Terri Orbuch notes that small changes in routine—taking a salsa dance class together, joining a book or hiking club, playing hooky from work to catch a matinee—can refresh midlife marriage. “Happy couples in my long-term studies have also taken time to give consistent, daily affirmations to each other and have asked meaningful questions of one another over time. They haven’t just maintained the household.”
Reprinted with permission of the publisher, Coming of Age.
Category: Boomer Lifestyle









My husband and I won’t have this problem: we married in middle-age, after three failed attempts on both sides (which as you may know in California activates the “3 Strikes Law”, invoking a life sentence for both of us.)

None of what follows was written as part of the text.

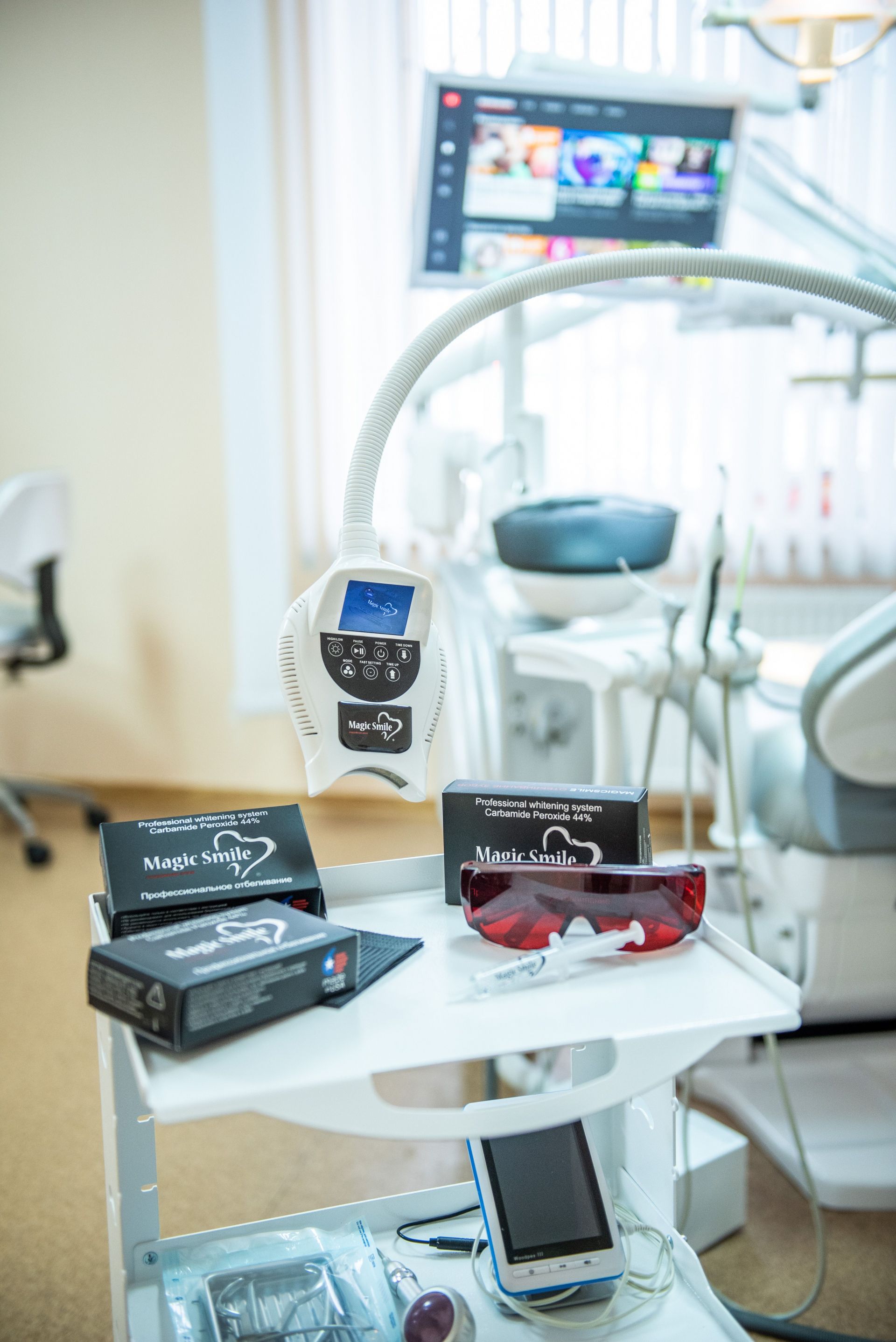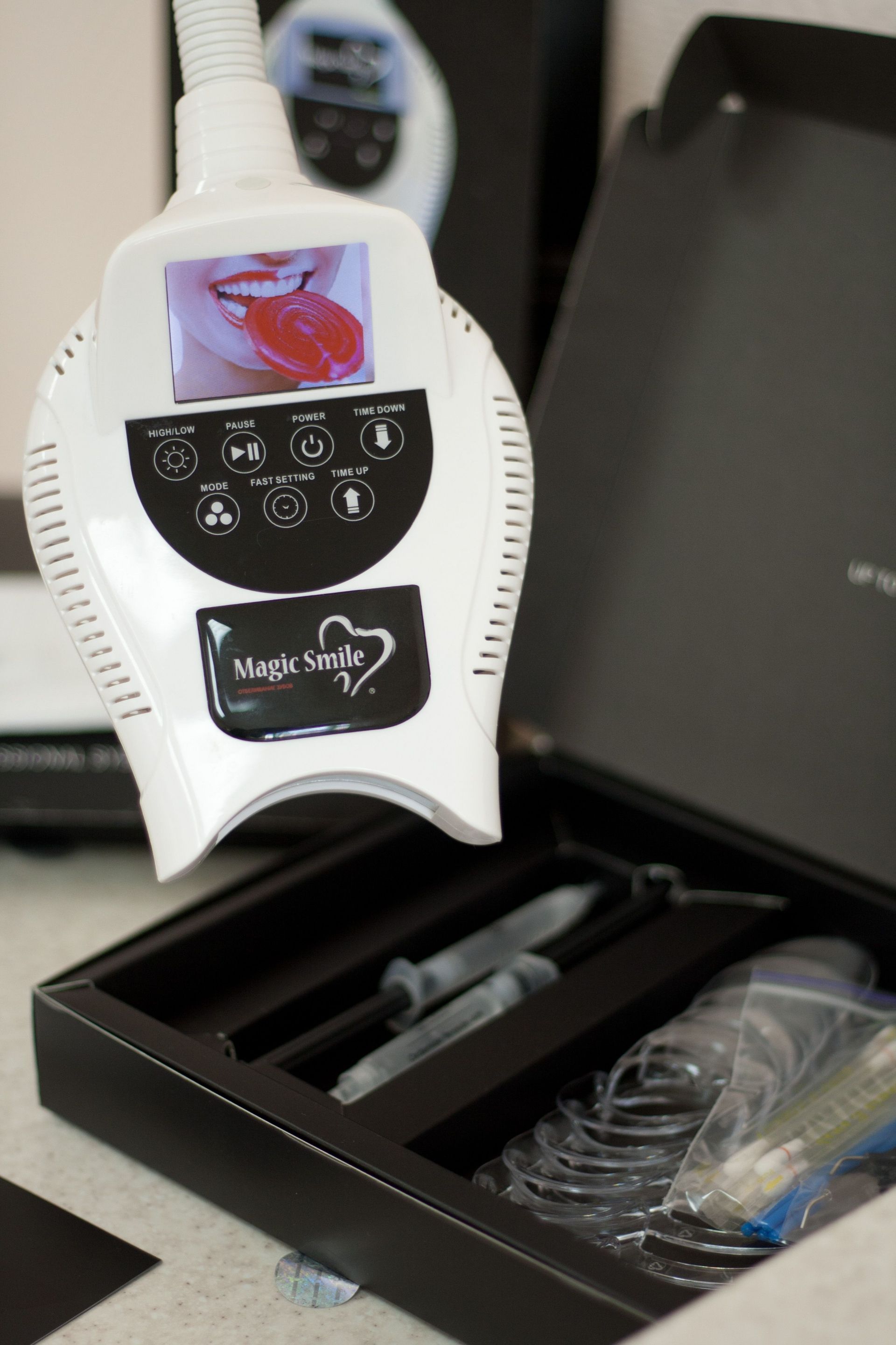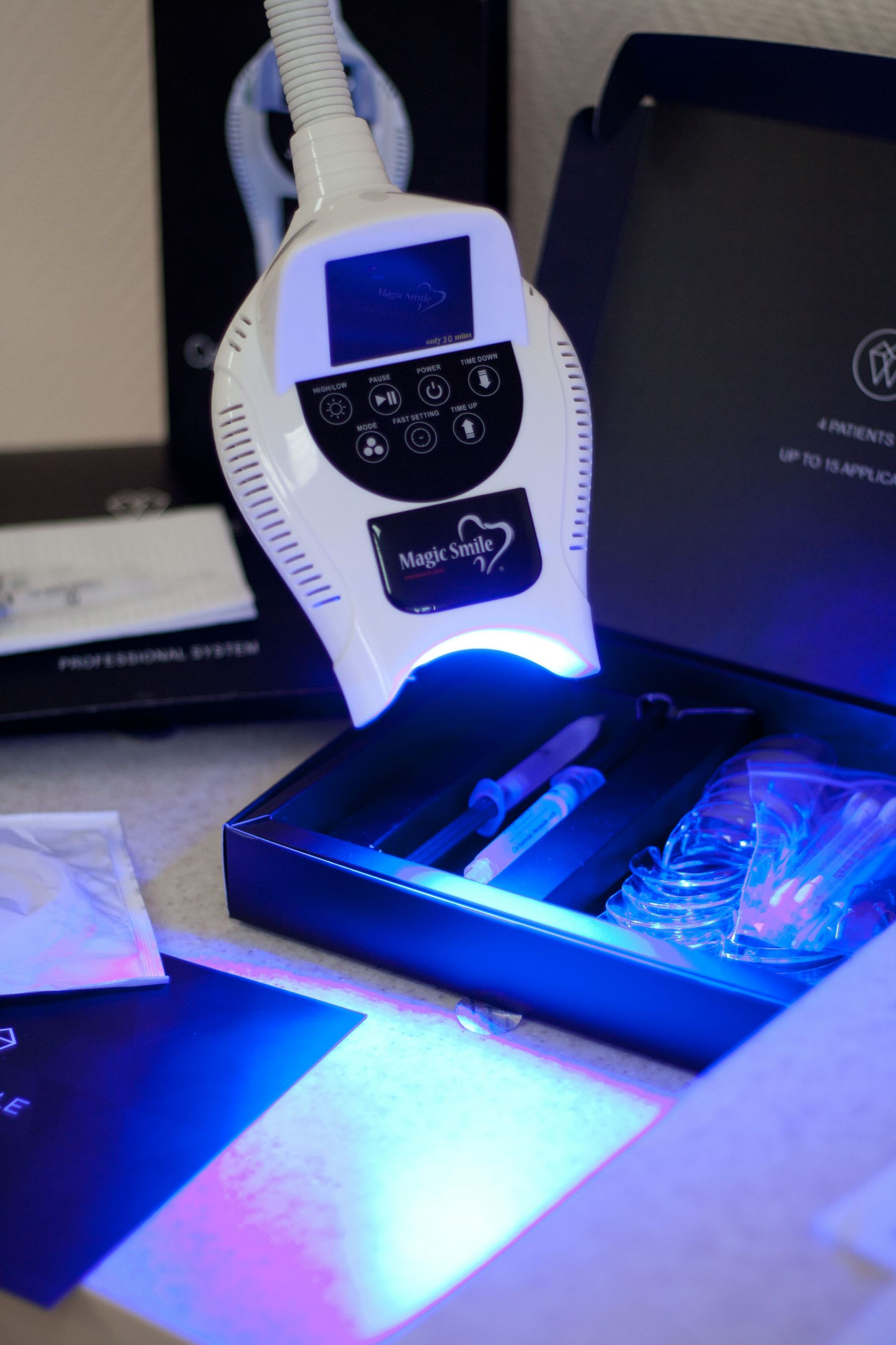 Ми застосовуємо систему Magic Smile, яка успішно використовується протягом 7 років та чудово зарекомендувала себе в найкращих клініках по всьому світу. При цьому відбілюванні не застосовується ультрафіолет, кислоти та абразивні речовини, а ефект вражаючий - відбілювання до 9-ти тонів. Основою комплексу Magic Smile є лагідний гіпоалергенний гель з пероксидом карбоміду. Він активізується професійною LED-лампою MagicLightPro. Усе обладнання сертифіковано в Україні, а випромінювання лампи має низьку температуру хвиль, що є цілком безпечно, на відміну від інфрачервоного чи ультрафіолетового опромінення. Застосування лампи не спричиняє сухість слизової рота, а емаль не перегрівається.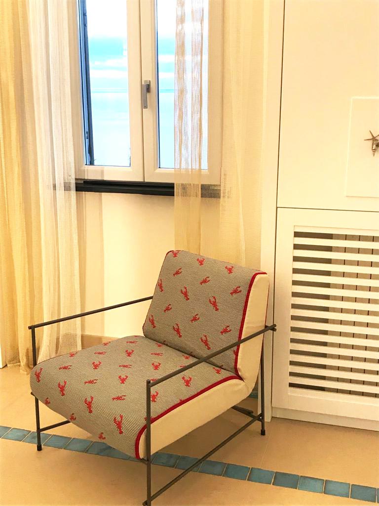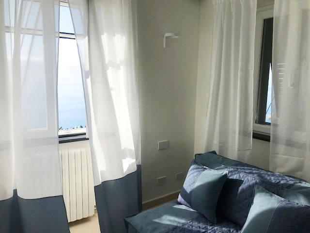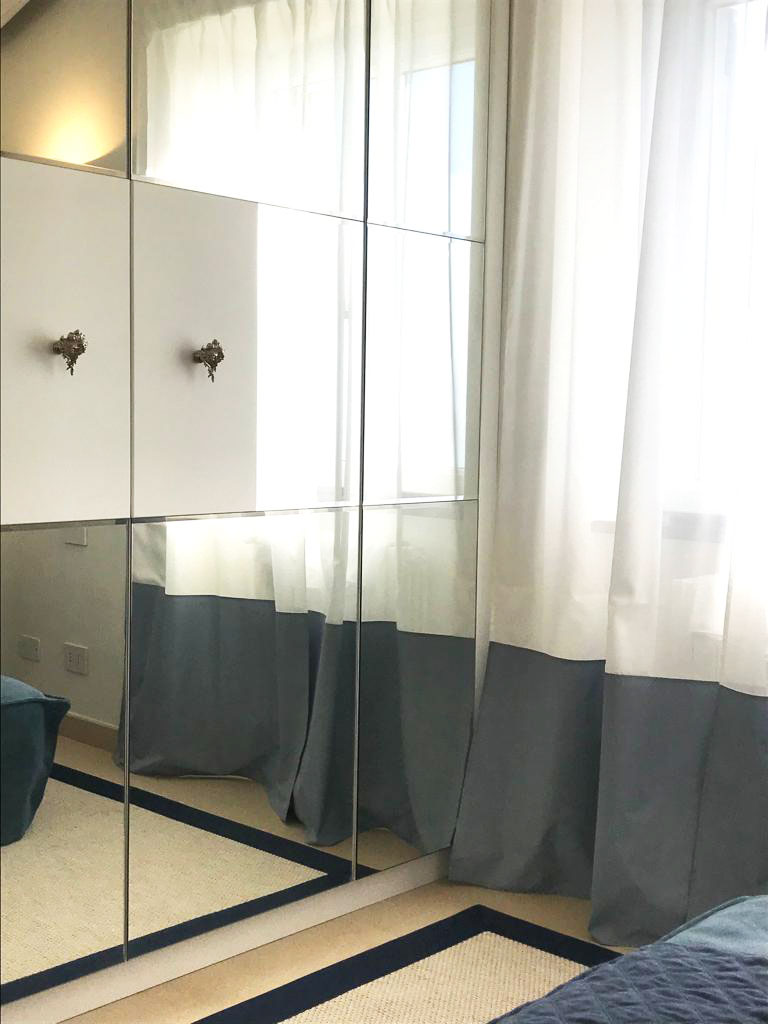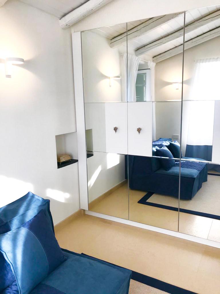 La camera degli ospiti presenta le armadiature con ante in vetro bisellato che riflettono le finestre che danno sul mare.

For me, I feel like Goldilocks in landing my hubby: with the first wife he was overbearing, with the second he was a doormat, but with me he is JUST RIGHT! Good post, thanks.
I wonder how this will fit with your findings: My wife & I have been together over 22 years … very happily. We both earned graduate degrees, traveled all over the world together, built good careers, own houses,etc. We basically realized every dream we’ve ever had.
So, how’s this for “refreshing a mid-life marriage”:In my mid-fifties/her mid-forties, our first children were born. So, we start our mid-life marriage as first time parents … of twins. Our kids are 4 yrs old now. We are finding this stage of our marriage — and of our lives — to be the absolute best ever!
And, since birds of a feather often flock together, most of our circle of friends are couples our age with young children, good careers, education, etc.
Your post hits on am important fact, communication! No relationship can survive in a healthy fashion without meaningful communication. I am almost an empty nester and my husband and I have been anticipating this and building more activities and hobbies into our lives involving only ourselves. Connecting with each other has been important to get back in touch with those feelings reminiscent of when we first met.It is comforting to know that, yes, I do want to spend the rest of my life with him!
Excellent post. Many couples are finding themselves at a similar crossroads in life, and you present some great examples of how to keep the relationships healthy and viable. Great work, thanks for sharing!
New stage of a couples relationship: Now in mid-life, I have finally got the message. In beginning a new relationship, build a foundation of a bonded friendship first, getting to know each other, building trust, and learning all the Quirk’s and Kink’s about each other, before stepping into the serious stage. I wish I had done this years ago !!!!